To accomplish this you should implement the "value numbering" scheme I described in class. For each basic block, you will traverse the statement and expression subtrees. As you do this, you will build a hash table mapping keys that describe expressions using the value numbers of their subexpressions to an operand descriptor preallocated for use with all instances of the expression found. These operand descriptors will contain several fields beyond those used in previous phases. In particular each operand descriptor will contain the value number used to identify the group of common subexpressions with which it is associated, a count of the number of instance of the expression that will be evaluated during execution of the containing basic block and a pointer to the root of the first instance found. The .h files in the "phase3" subdirectory of my "pub/434" directory contain definitions for this extended operand descriptor type.

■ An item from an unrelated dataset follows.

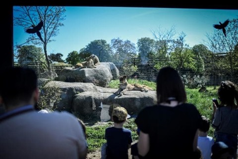 | Des visiteurs admirent des lions, en avril au zoo de Vincennes. |
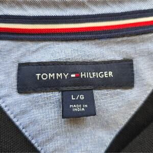 A Tommy Hilfiger Black Polo Shirt for Men Size L Short Sleeve Striped Sleeves details:

For each expression, you will first process all subexpressions to determine their value numbers. Then, you will build the key describing the current expression and look it up in the hash table. If a match is found, you will store a pointer to the associated operand descriptor in the expression's root node in the syntax tree and return the value number found in the operand descriptor as the identifier for the expression. If no match is found, you must allocate a new operand descriptor and assign it a new value number. Also, since you will clearly need the values of this expression's sub-expressions when this expression is needed at run-time, you should increment the reference counts stored in the operand descriptors of the sub-expressions. Then you can proceed as if a match had been found.
Much of the tricky work comes in the handling of variables. The variable declaration descriptor type will contain an extra field for storing a variable's current value number. You will have to assign a new value number to a variable the first time it is referenced in a block and any time a new value is assigned to it. You should keep a list of all variables to which you have assigned value numbers so that they can be easily reset to the "no value number assigned" state at the end of a block.
In your handling of assignments, you must address the problem of aliases. If the target of an assignment is a var parameter, you must clear any value numbers you have assigned to non-local variables or other var parameters. Similar precautions must be taken for assignments made to non-local variables, array elements and record components. Finally, if a call to a function or procedure is made, value numbers associated with non-local variables should be cleared.
At the end of each block processed, you will also need to clear the hash table used to find the operand descriptors associated with expressions. As you do this, you will have to "pop" each operand descriptor created while processing the block off some hash bucket chain. To give you some check on the correctness of your code, you should print the relevant information in these descriptors. In particular, print the reference count and print the tree pointed to as the "first instance" of the common subexpression.